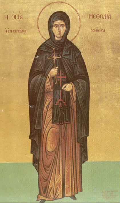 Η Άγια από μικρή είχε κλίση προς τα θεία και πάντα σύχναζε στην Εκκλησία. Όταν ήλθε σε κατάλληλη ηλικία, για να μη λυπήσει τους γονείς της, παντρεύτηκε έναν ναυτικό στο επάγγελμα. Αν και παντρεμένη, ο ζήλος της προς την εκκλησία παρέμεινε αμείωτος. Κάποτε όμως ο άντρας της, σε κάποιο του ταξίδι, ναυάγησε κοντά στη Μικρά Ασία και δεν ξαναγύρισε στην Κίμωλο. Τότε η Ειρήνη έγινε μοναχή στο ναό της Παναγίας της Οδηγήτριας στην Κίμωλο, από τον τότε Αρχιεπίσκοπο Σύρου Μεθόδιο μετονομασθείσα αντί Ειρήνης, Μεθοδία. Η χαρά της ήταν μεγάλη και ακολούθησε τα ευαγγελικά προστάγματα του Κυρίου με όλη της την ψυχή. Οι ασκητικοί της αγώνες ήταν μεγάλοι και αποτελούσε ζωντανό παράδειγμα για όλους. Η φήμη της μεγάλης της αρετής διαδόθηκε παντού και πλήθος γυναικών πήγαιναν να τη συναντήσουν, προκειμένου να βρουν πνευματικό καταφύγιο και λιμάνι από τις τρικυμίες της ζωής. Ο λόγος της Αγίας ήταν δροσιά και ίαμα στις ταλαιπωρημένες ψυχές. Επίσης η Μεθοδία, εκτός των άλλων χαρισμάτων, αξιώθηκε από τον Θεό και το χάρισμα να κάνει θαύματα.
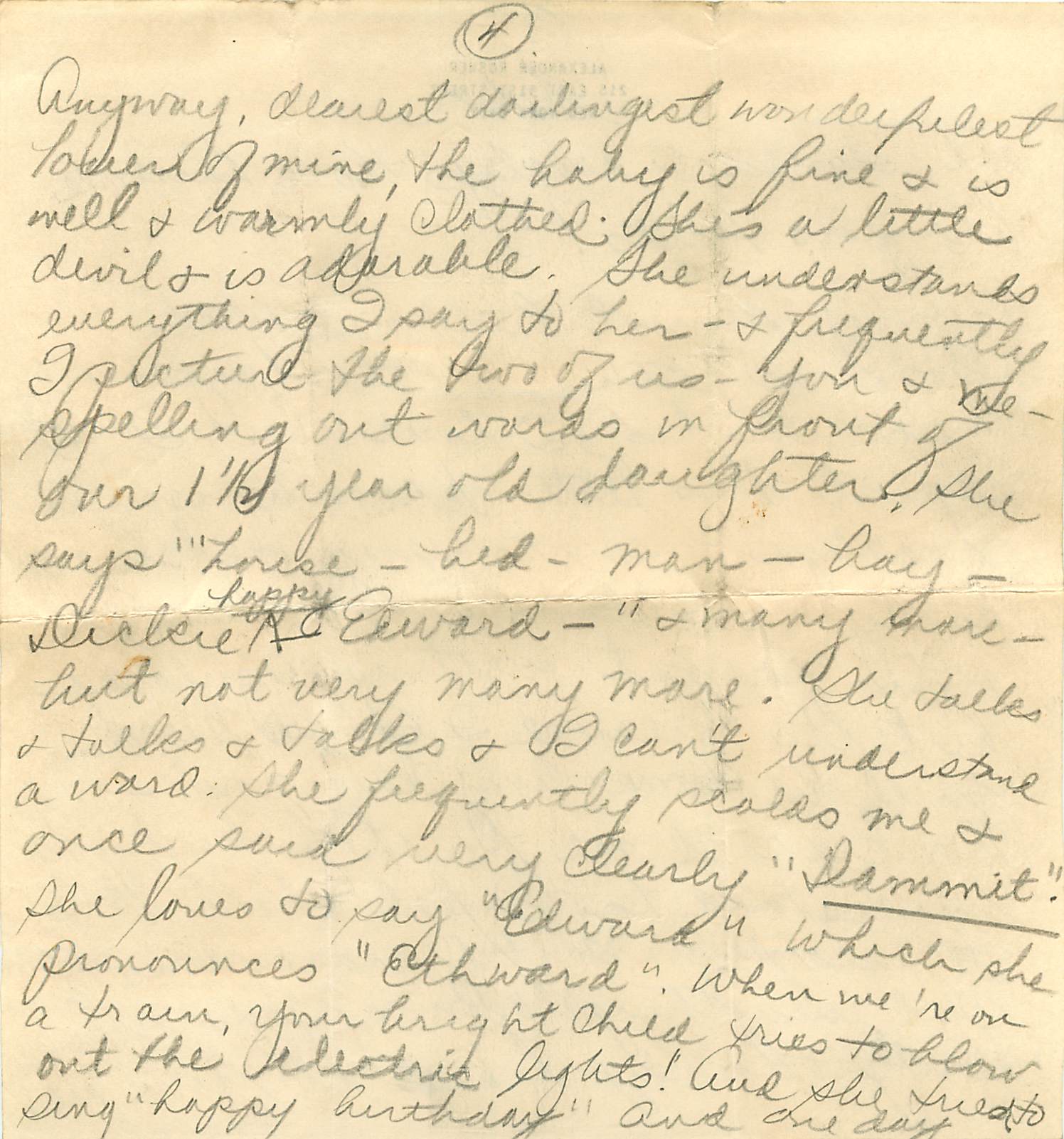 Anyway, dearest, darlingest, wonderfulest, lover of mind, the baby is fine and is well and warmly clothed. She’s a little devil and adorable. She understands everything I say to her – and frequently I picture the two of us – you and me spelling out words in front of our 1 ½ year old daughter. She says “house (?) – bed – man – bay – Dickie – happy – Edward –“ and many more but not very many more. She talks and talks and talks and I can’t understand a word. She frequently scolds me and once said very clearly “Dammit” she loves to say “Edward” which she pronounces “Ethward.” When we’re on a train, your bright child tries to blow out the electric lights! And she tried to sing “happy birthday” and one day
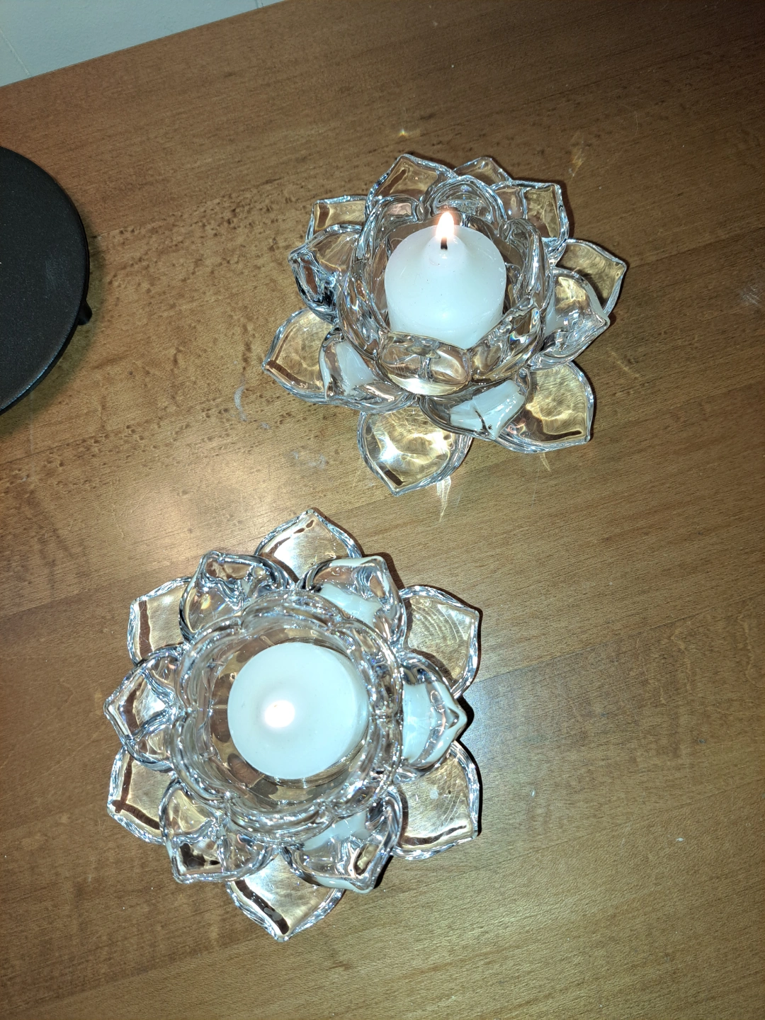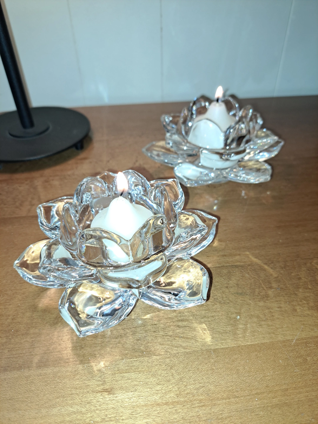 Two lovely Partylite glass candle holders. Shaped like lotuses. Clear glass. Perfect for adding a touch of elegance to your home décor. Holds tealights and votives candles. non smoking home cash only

*Task description:* Extract the lines exactly, please: the first line of the listing, the line with "Anyway, dearest, darlingest, wonderfulest, lover", and every line between them, but no pictures.

*Reply to the exercise:*
 Η Άγια από μικρή είχε κλίση προς τα θεία και πάντα σύχναζε στην Εκκλησία. Όταν ήλθε σε κατάλληλη ηλικία, για να μη λυπήσει τους γονείς της, παντρεύτηκε έναν ναυτικό στο επάγγελμα. Αν και παντρεμένη, ο ζήλος της προς την εκκλησία παρέμεινε αμείωτος. Κάποτε όμως ο άντρας της, σε κάποιο του ταξίδι, ναυάγησε κοντά στη Μικρά Ασία και δεν ξαναγύρισε στην Κίμωλο. Τότε η Ειρήνη έγινε μοναχή στο ναό της Παναγίας της Οδηγήτριας στην Κίμωλο, από τον τότε Αρχιεπίσκοπο Σύρου Μεθόδιο μετονομασθείσα αντί Ειρήνης, Μεθοδία. Η χαρά της ήταν μεγάλη και ακολούθησε τα ευαγγελικά προστάγματα του Κυρίου με όλη της την ψυχή. Οι ασκητικοί της αγώνες ήταν μεγάλοι και αποτελούσε ζωντανό παράδειγμα για όλους. Η φήμη της μεγάλης της αρετής διαδόθηκε παντού και πλήθος γυναικών πήγαιναν να τη συναντήσουν, προκειμένου να βρουν πνευματικό καταφύγιο και λιμάνι από τις τρικυμίες της ζωής. Ο λόγος της Αγίας ήταν δροσιά και ίαμα στις ταλαιπωρημένες ψυχές. Επίσης η Μεθοδία, εκτός των άλλων χαρισμάτων, αξιώθηκε από τον Θεό και το χάρισμα να κάνει θαύματα.
 Anyway, dearest, darlingest, wonderfulest, lover of mind, the baby is fine and is well and warmly clothed. She’s a little devil and adorable. She understands everything I say to her – and frequently I picture the two of us – you and me spelling out words in front of our 1 ½ year old daughter. She says “house (?) – bed – man – bay – Dickie – happy – Edward –“ and many more but not very many more. She talks and talks and talks and I can’t understand a word. She frequently scolds me and once said very clearly “Dammit” she loves to say “Edward” which she pronounces “Ethward.” When we’re on a train, your bright child tries to blow out the electric lights! And she tried to sing “happy birthday” and one day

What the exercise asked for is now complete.